Two things are true about me: Having more information makes me less likely to panic, and I deal better with crisis-type situations that wait-and-see ones.
Both of these are even more true when I have a good support system. Right now, I have the strongest support system I have ever had in my life. With so many amazing people on my side, I feel like I can leap tall buildings in a single bound. Cancer, for better or worse, has no chance against that positive a force combined with my overwhelming disdain for its very existence.
My disdain is a force to be reckoned with. 😛
Faith plays a big role in this for me, though perhaps differently than some might expect. It’s true that I was raised vaguely Catholic and have returned to those roots more in recent years than expected. And I have found some comfort there…less in the mandatory doctrine than in a better personal understanding of how I see — or need to see — God.
I don’t claim that my view is right for anyone but me. But I came to a point years ago where faith in a higher power helped me in the way I had known it to help others, yet never experienced. And I would not abandon that, although my Catholicism differs greatly from my memere’s, from the Pope’s, and from my local uber-conservative diocese.
JP II, and me, though? I think we’re going to have beers in Heaven. (In Heaven, I will like beer.)
I fully believe what I have written here before. We are given only what we can handle in life. And when it feels like just one more goddam thing, we are graced with strength and insight greater than we could manage on our own. Whether it comes from within or whether someone appears in our life when we need them the most is irrelevant.
(Appropos of everything, Sliding Doors was on last night. I love John Hannah in that film for so many reasons, not least of which is how he looks in the rain.)
Much of what’s wrong with this country and the world at large comes from trying to interpret Allah/Yahweh/Goddess/God’s “plan” and make it fit into our mortal and limited view of What’s Right. With a human race so gorgeously varied, how can there be one What’s Right? Even within our own little microcosms, when do we decide: “A ha! This is clearly God’s path for me. This is the road I shall take!”
The point is that we don’t “decide,” as such. Over and over again, I have learned that forcing my life to fit into “God’s plan” causes great harm…quite likely because “God’s plan,” in these instances, looks remarkably like an arbitrary timeline I have pulled out of my butt. Was getting married God’s plan or mine? Is Mom’s cancer part of God’s plan or a result of the choices she made over time? If I have an inconveniently timed chance at being very, very happy about something, for whom is it inconveniently timed? Me? God? The Commonwealth of Virginia?
Who?
Epiphany: I like to believe in God because it prompts as many questions as answers. And asking questions is sort of my Thing.

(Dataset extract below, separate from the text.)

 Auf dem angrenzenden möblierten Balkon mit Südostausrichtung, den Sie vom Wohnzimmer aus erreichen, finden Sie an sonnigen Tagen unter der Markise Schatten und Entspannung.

I am tired of trying to wrap my arms around God’s “plan” for me, and the folly of doing that in the past is very close to my heart right now. So we’ll see where His “plan” and my free will (also His fault) take me. There is one thing that Christians of most flavors believe, though I think too many of us give it less value than it deserves: God loves us and wants us to be happy.

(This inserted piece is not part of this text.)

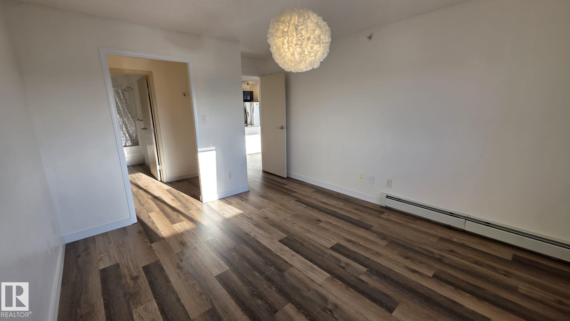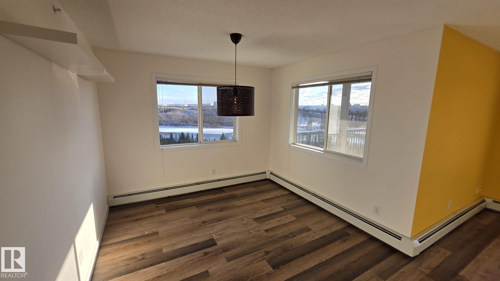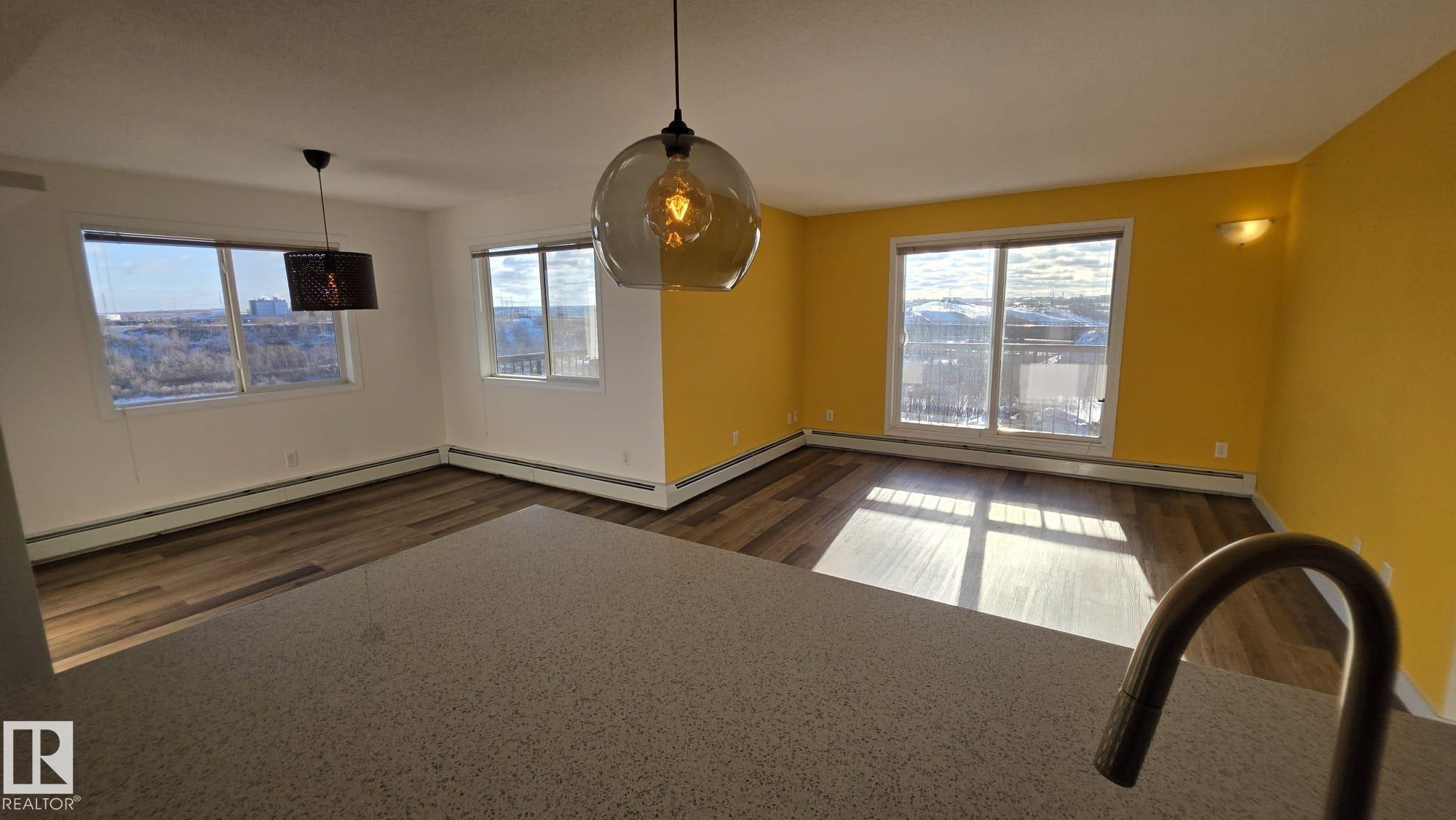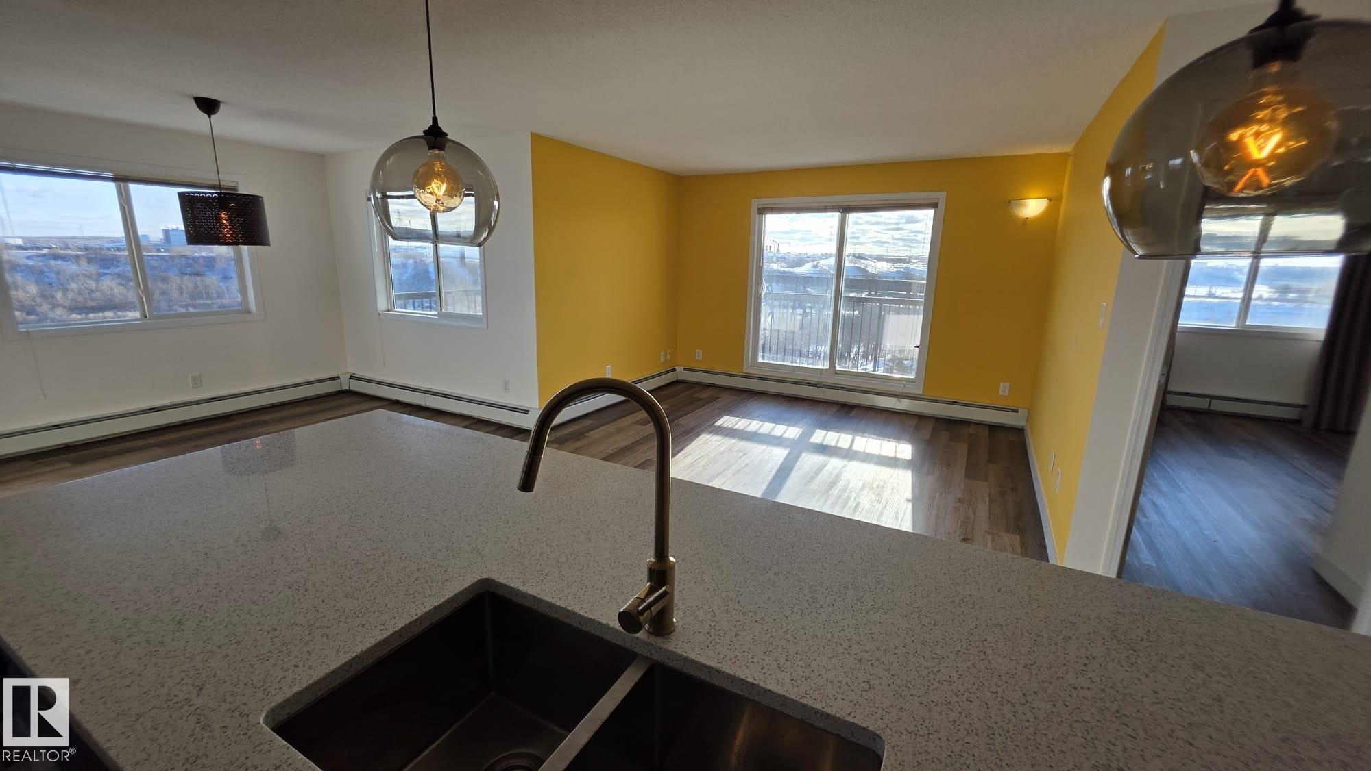 Welcome to Avenue at Hermitage, where lifestyle & location come together! This TOP FLOOR CORNER UNIT in a pet-friendly building is perfect for first-time buyers or investors. Breathtaking panoramic views of the river valley, green space & walking trails from your wraparound balcony. Bright open-concept layout featuring new flooring, 2 spacious bedrooms, 2 full updated baths, and double tandem parking. The renovated kitchen offers a large quartz waterfall island & breakfast bar, stainless steel appliances, and refinished cabinets, flowing seamlessly into the dining area & sun-filled living room. The primary suite includes a w/through closet & private ensuite. Enjoy the convenience of in-suite laundry & storage. Nestled in a quiet corner of the city, steps from Hermitage & Rundle Park, golf, skiing & quick access to Yellowhead and Anthony Henday. A well-managed building with condo fees that include heat & water. Simply move in and enjoy!!

Just because it appears on posters about alcohol does not make it any less true from the Christian point of view.
If happiness — or full-blown, deep-rooted joy — is placed directly in front of you, my fellow Christians, what will you do? Do not ask yourself what Jesus would do — ask yourself why God sacrificed His son in the first place. Be Christlike in loving and serving, but do not assume that you must sacrifice everything that makes your life what God would have it be.